• The problem
Restate the listing word for word; omit the images.

• Dataset extract
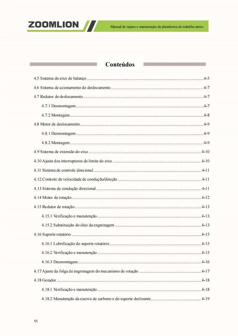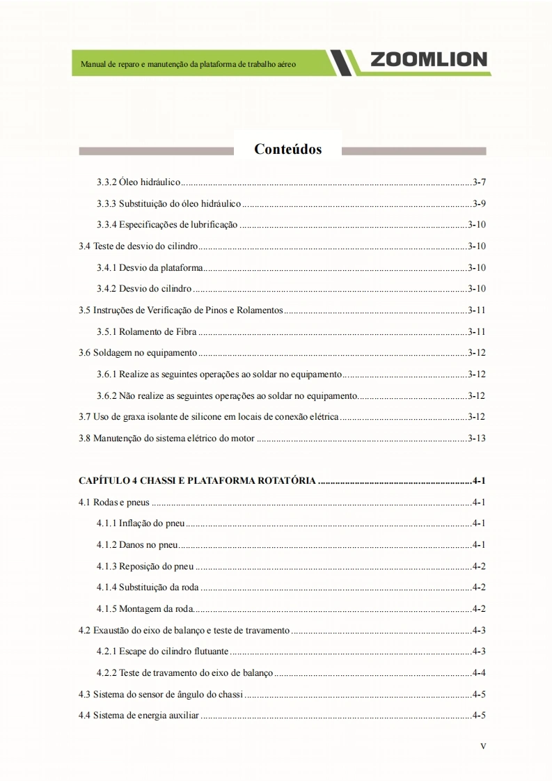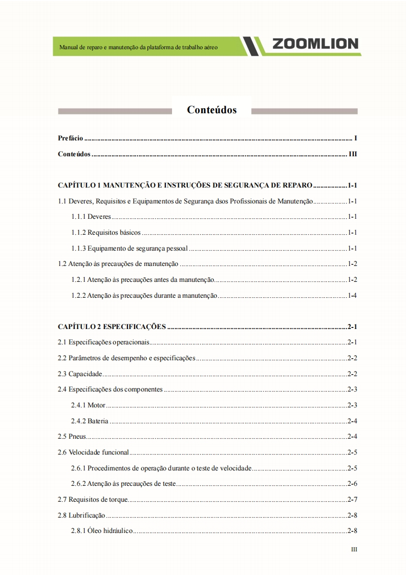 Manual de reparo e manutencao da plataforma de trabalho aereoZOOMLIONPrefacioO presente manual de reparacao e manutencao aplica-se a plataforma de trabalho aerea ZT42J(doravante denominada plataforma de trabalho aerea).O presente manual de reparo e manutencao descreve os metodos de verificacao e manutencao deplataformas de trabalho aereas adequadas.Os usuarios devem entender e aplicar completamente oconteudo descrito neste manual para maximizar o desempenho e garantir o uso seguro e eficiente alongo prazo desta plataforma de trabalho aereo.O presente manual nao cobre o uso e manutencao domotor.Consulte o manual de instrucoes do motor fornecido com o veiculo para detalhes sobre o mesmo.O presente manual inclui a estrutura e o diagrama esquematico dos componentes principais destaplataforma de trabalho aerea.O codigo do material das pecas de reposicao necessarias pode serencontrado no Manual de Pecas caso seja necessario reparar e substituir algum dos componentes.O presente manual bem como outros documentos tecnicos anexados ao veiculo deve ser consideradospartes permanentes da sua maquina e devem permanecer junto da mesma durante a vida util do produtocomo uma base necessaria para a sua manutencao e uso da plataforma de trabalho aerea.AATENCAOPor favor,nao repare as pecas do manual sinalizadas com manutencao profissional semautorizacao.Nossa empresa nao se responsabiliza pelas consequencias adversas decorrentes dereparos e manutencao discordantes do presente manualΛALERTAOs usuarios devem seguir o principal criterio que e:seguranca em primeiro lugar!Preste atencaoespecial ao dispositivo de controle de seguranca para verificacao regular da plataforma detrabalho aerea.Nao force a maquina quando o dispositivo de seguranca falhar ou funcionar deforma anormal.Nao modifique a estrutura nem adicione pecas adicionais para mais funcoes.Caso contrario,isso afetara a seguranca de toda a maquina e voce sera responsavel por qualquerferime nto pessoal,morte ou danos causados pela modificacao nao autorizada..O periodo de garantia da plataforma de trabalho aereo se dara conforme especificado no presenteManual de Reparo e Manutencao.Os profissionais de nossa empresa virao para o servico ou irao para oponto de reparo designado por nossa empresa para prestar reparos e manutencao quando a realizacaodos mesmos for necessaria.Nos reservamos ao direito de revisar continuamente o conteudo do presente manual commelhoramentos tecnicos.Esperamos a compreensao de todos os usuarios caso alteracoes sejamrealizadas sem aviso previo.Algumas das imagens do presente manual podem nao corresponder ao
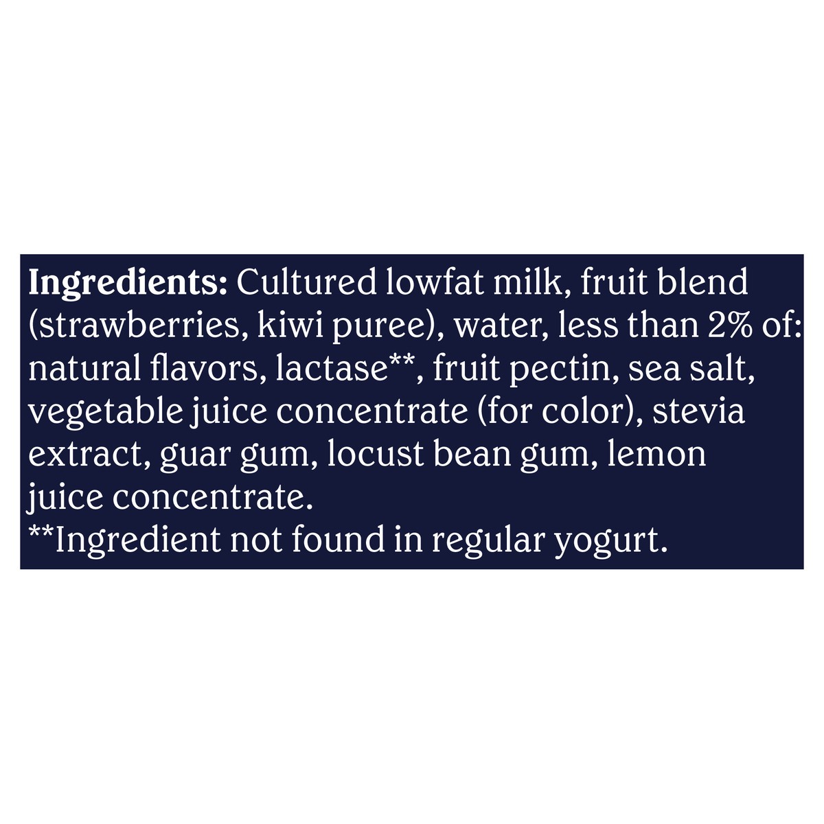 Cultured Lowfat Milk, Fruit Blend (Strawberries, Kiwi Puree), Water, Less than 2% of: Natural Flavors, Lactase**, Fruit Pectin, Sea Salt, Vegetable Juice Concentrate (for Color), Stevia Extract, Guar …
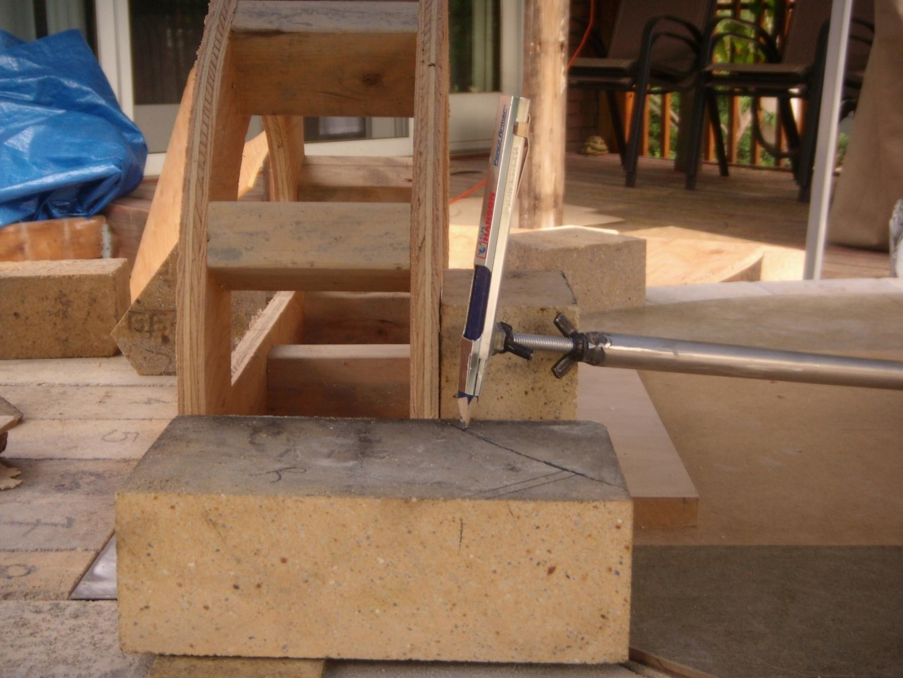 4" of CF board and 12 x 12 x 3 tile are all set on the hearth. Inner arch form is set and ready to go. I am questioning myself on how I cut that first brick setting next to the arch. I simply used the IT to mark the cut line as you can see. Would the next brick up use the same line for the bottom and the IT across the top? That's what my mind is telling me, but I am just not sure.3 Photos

• Written response
 Manual de reparo e manutencao da plataforma de trabalho aereoZOOMLIONPrefacioO presente manual de reparacao e manutencao aplica-se a plataforma de trabalho aerea ZT42J(doravante denominada plataforma de trabalho aerea).O presente manual de reparo e manutencao descreve os metodos de verificacao e manutencao deplataformas de trabalho aereas adequadas.Os usuarios devem entender e aplicar completamente oconteudo descrito neste manual para maximizar o desempenho e garantir o uso seguro e eficiente alongo prazo desta plataforma de trabalho aereo.O presente manual nao cobre o uso e manutencao domotor.Consulte o manual de instrucoes do motor fornecido com o veiculo para detalhes sobre o mesmo.O presente manual inclui a estrutura e o diagrama esquematico dos componentes principais destaplataforma de trabalho aerea.O codigo do material das pecas de reposicao necessarias pode serencontrado no Manual de Pecas caso seja necessario reparar e substituir algum dos componentes.O presente manual bem como outros documentos tecnicos anexados ao veiculo deve ser consideradospartes permanentes da sua maquina e devem permanecer junto da mesma durante a vida util do produtocomo uma base necessaria para a sua manutencao e uso da plataforma de trabalho aerea.AATENCAOPor favor,nao repare as pecas do manual sinalizadas com manutencao profissional semautorizacao.Nossa empresa nao se responsabiliza pelas consequencias adversas decorrentes dereparos e manutencao discordantes do presente manualΛALERTAOs usuarios devem seguir o principal criterio que e:seguranca em primeiro lugar!Preste atencaoespecial ao dispositivo de controle de seguranca para verificacao regular da plataforma detrabalho aerea.Nao force a maquina quando o dispositivo de seguranca falhar ou funcionar deforma anormal.Nao modifique a estrutura nem adicione pecas adicionais para mais funcoes.Caso contrario,isso afetara a seguranca de toda a maquina e voce sera responsavel por qualquerferime nto pessoal,morte ou danos causados pela modificacao nao autorizada..O periodo de garantia da plataforma de trabalho aereo se dara conforme especificado no presenteManual de Reparo e Manutencao.Os profissionais de nossa empresa virao para o servico ou irao para oponto de reparo designado por nossa empresa para prestar reparos e manutencao quando a realizacaodos mesmos for necessaria.Nos reservamos ao direito de revisar continuamente o conteudo do presente manual commelhoramentos tecnicos.Esperamos a compreensao de todos os usuarios caso alteracoes sejamrealizadas sem aviso previo.Algumas das imagens do presente manual podem nao corresponder ao
 Cultured Lowfat Milk, Fruit Blend (Strawberries, Kiwi Puree), Water, Less than 2% of: Natural Flavors, Lactase**, Fruit Pectin, Sea Salt, Vegetable Juice Concentrate (for Color), Stevia Extract, Guar …
 4" of CF board and 12 x 12 x 3 tile are all set on the hearth. Inner arch form is set and ready to go. I am questioning myself on how I cut that first brick setting next to the arch. I simply used the IT to mark the cut line as you can see. Would the next brick up use the same line for the bottom and the IT across the top? That's what my mind is telling me, but I am just not sure.3 Photos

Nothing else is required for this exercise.